To avoid any conflict with the song by Marvin Gaye, Linda Perry and company renamed their beautiful, angsty, anthemic (1993) single to “What’s up?” But it’s all about that question from 1971, and about the knowing confusion, the justifiable frustration and alienation of the young. That’s at least how it sounds. One of the original 4 Non Blondes, Christa Hillhouse, says it’s a mistake to read too much into it. Linda was just playing guitar down the hall from Christa when she wrote it, and it was so good, Christa thought, she stopped having sex and ran down the hall to find her. It happened organically, naturally—the song writing, the questioning about that song. Linda Perry was afraid it had come from somewhere else, and asked Christa if she had borrowed some of it from others. And that’s a key. Good to great art often gives the appearance of pre-existence. That it must have always been, even to the author. This seems especially true with music — even more so with Rock and Pop. And if a song gets someone to stop what they’re doing in the bedroom, chances are pretty good it’s going to be special.

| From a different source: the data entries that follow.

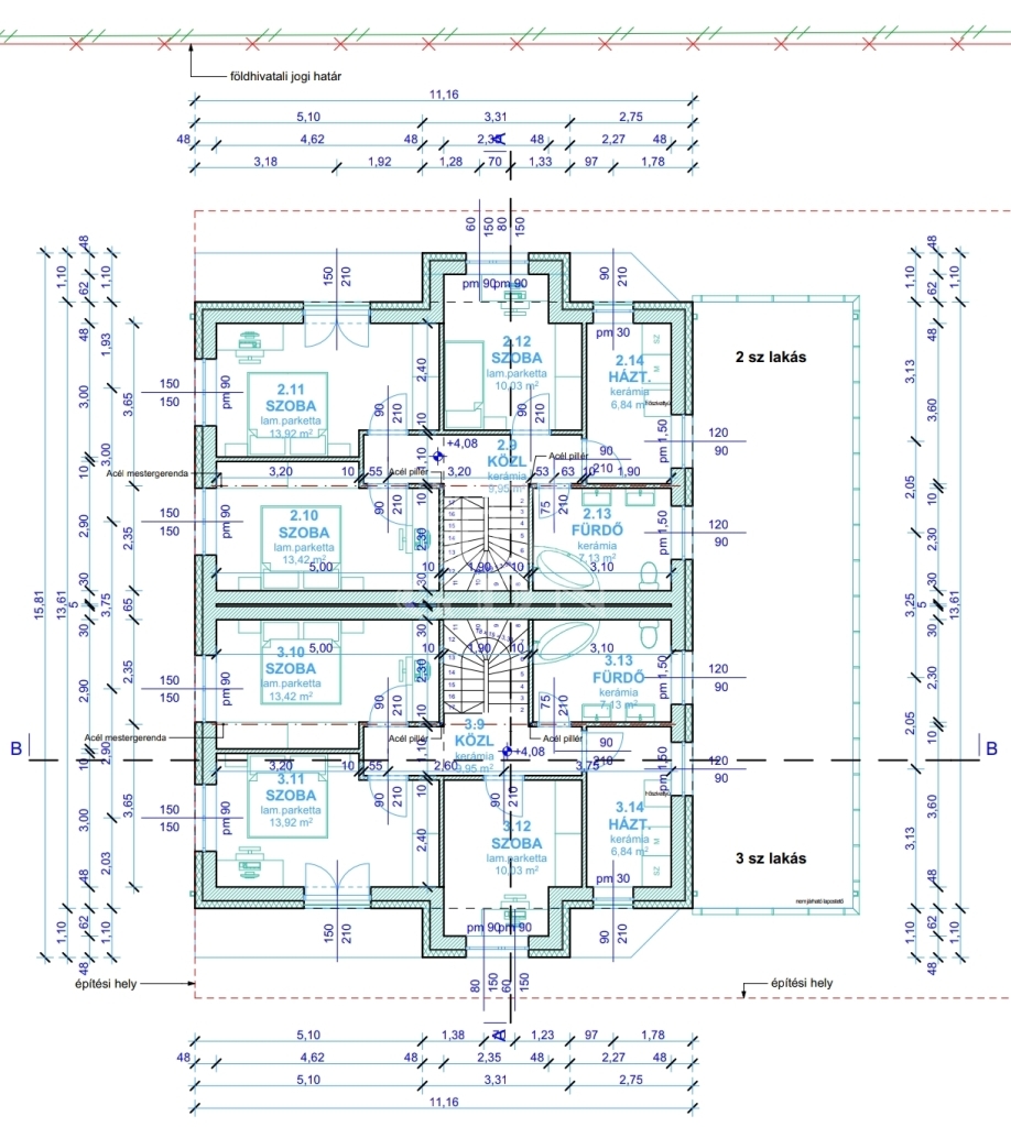 Telek: 1300 m² összesen (lakásonként min. 400 m² saját, leválasztott rész)
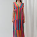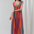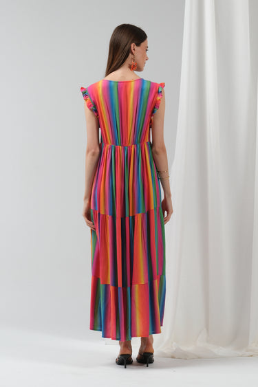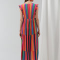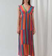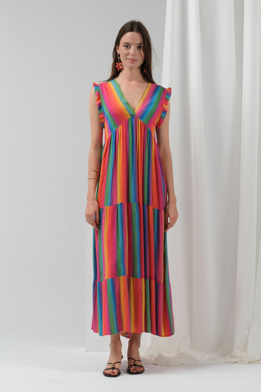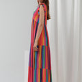 Adoptez l’allure solaire et joyeuse de la robe Estelle, une pièce forte et fluide à l’imprimé arc-en-ciel. Confectionnée en viscose, elle offre un tombé aérien, parfait pour les beaux jours ou un événement estival. Son jeu de rayures multicolores et sa coupe longue ultra-féminine illuminent la silhouette.
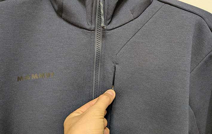 胸元に目立たないジッパーつきのポケットを装備しているところが、アウトドアメーカーのウェアっぽいところ。
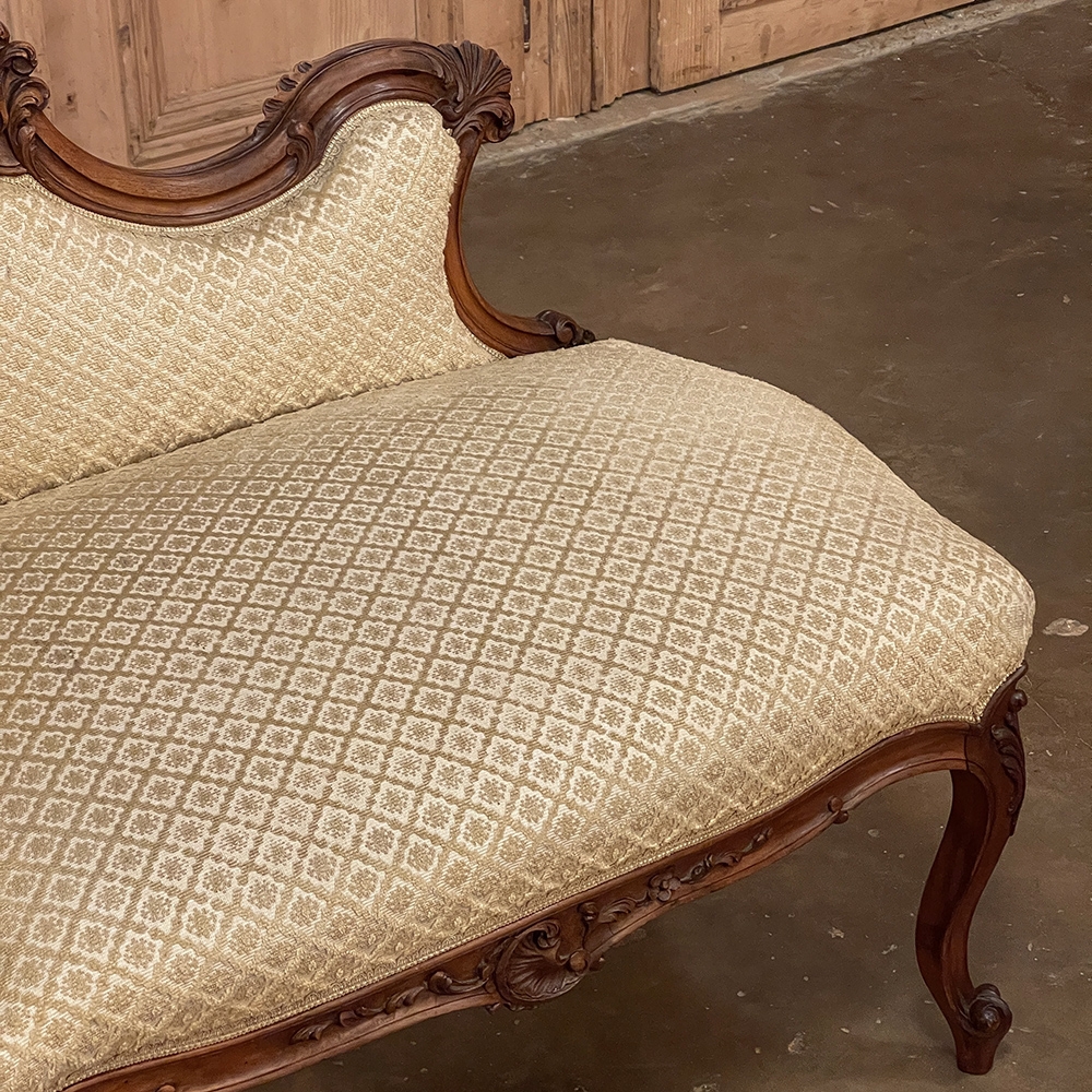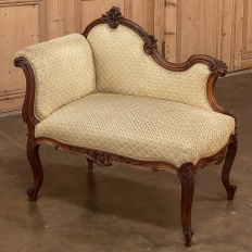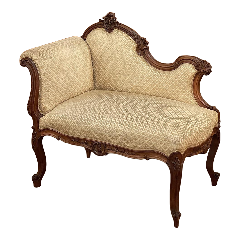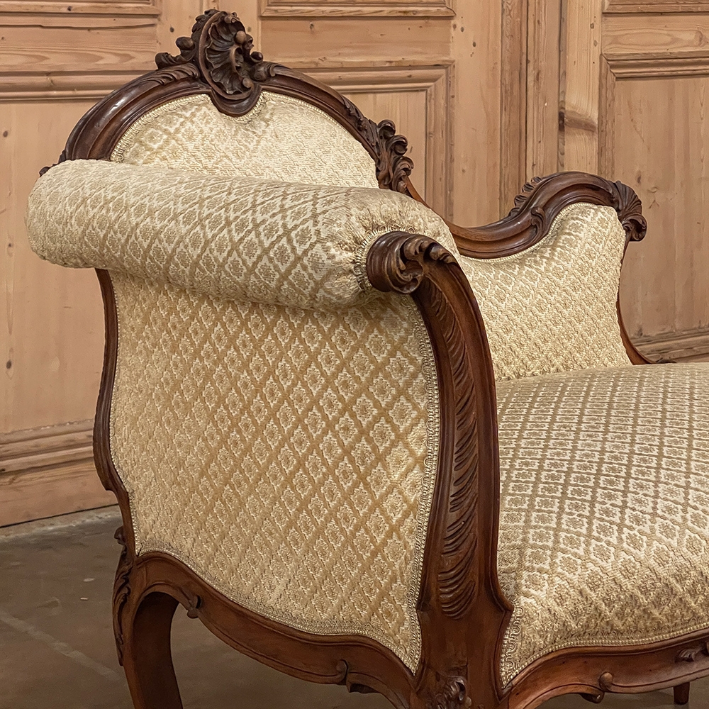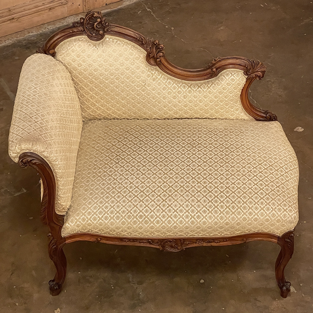 19th Century French Louis XV Walnut Petite Chaise Lounge is the perfect choice for adding incredible French flair in a diminutive, cozy spot! Sculpted from sumptuous French walnut, the framework exhibits the naturalistic, asymmetrical scrollwork characteristic of the genre, with carved shell and foliates providing visual allure from the crown to the escargots on the feet. Acanthus plumes, wildflowers and foliate sprays dominate the carved relief work, all made more exquisite from being sculpted out of the beautiful wood. Upholstery is a fine, tightly knit damascene, and is in very good condition, with a neutral color that makes this a good candidate for placement anywhere in the home to enjoy for the rest of your life!
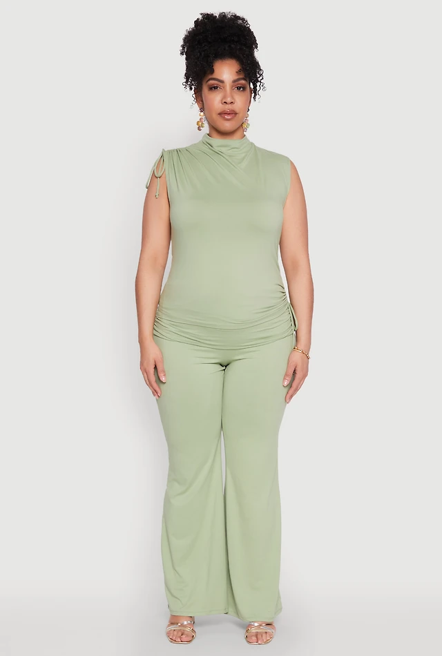 Womens Plus Size High Waisted Fold Over Pants, Green, Size 3X

The title “What’s up” sounds entirely too friendly, casual, easy going and it doesn’t fit this song at all. At least to me. Ironically, when the song is covered by others, especially on talent shows, the powers that be seem intent on making it friendly and casual, as they try to remove the angst, the anger and the potential threat inherent in the lyrics and musical variations. The quickest way to do this, of course, is to remove the line that calls for a revolution. That’s a no no on TV. Unless it can be done in such a way that alters the meaning, like a “revolution” in product development, or in the way new content is delivered to consumers.

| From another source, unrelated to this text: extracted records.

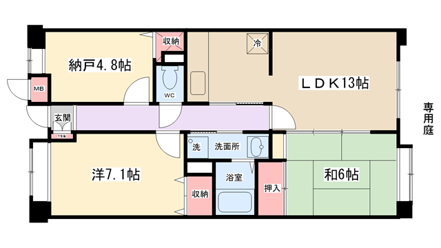 | 間取り内訳 | LDK13帖・洋室7.1帖・和室6帖・S4.8帖 | 駐車場 | 敷地内あり 8,800円 | ||||
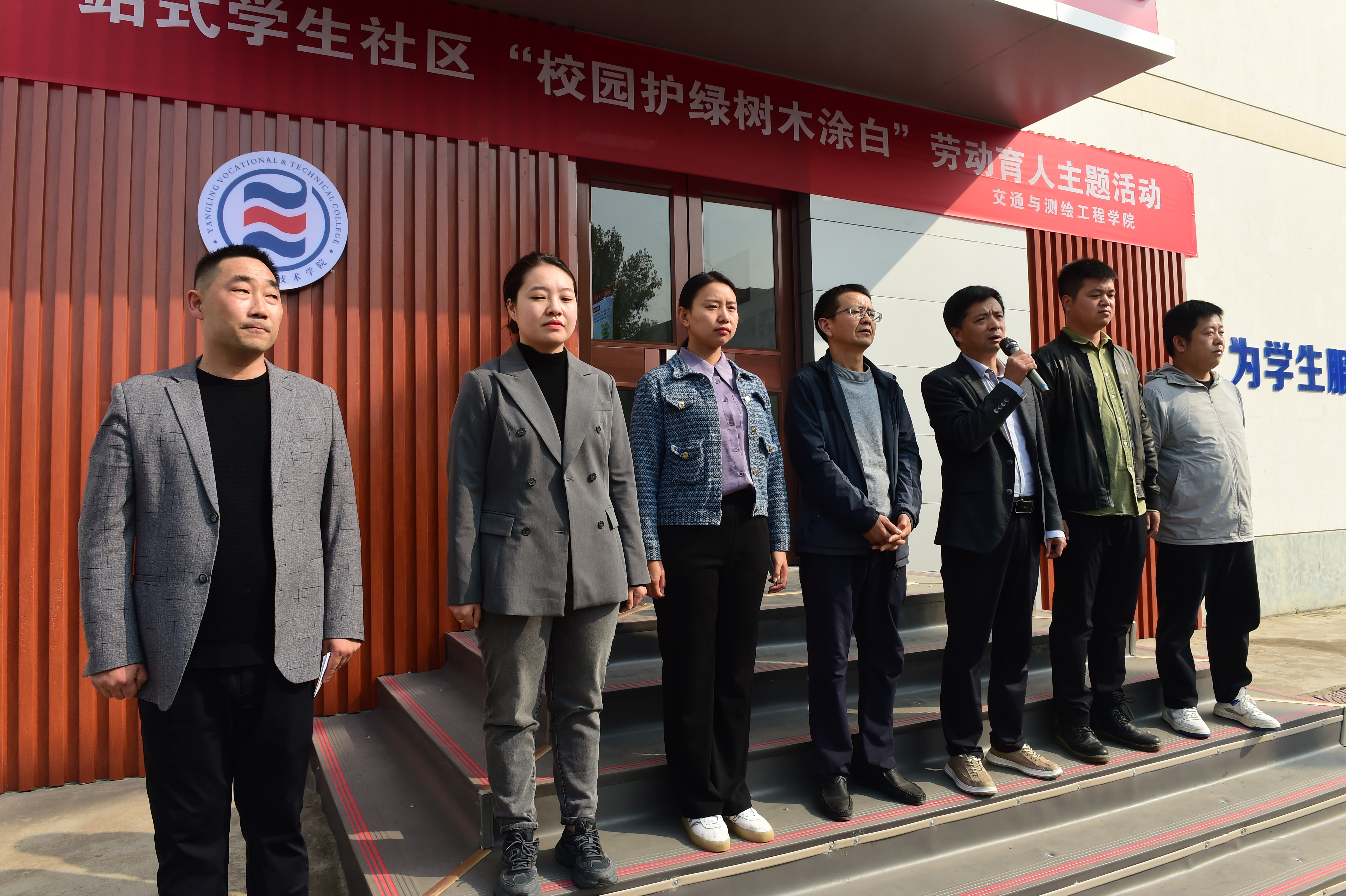 10月27日下午,交通与测绘工程学院开展“校园护绿,树木涂白”劳动育人主题活动。副校长张朝晖出席活动,党委学工部、后勤保障处、交通与测绘工程学院、陕西垚森园林景观有限公司相关人员及80余名学生参加了此次活动。
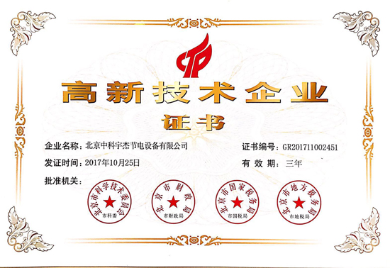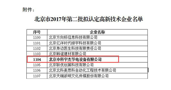 近日,國家高新技術企業(yè)認定管理工作網(wǎng)發(fā)布了《關于公示豐臺園2017年第二批擬認定高新技術企業(yè)名單的通知》,北京中科宇杰節(jié)電設備有限公司通過認證,榮獲“國家高新技術企業(yè)”的殊榮。
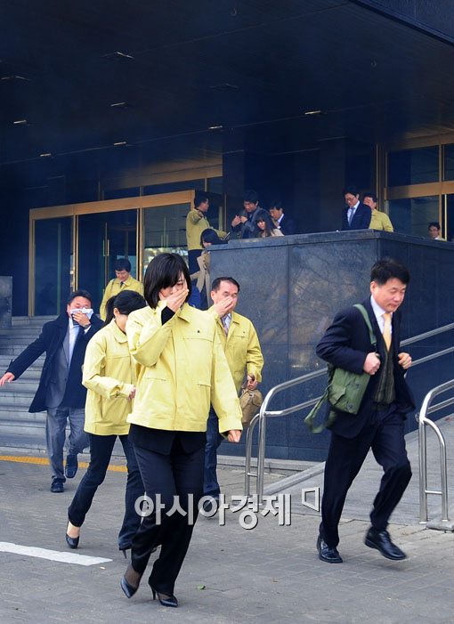 [아시아경제 윤동주 기자] 민방위 날을 맞아 15일 서울 세종로 정부종합청사에서 열린 '재난대비 긴급구조 종합훈련'에서 공무원들이 중요 문서등을 들고 청사를 탈출하고 있다.

It’s an old story, already a shadow of itself. Rock used to have revolutionary powers, but was co-opted long ago. We’re several decades past that co-opting, and were already, give or take, two decades past it when “What’s up?” came out. So I listen to it with nostalgia and regret. I listen to it for a host of reasons, one of most important being to catch a spark of something that was once genuinely, authentically in the air. And the listener hears this, hears that spark and more. Catch fire.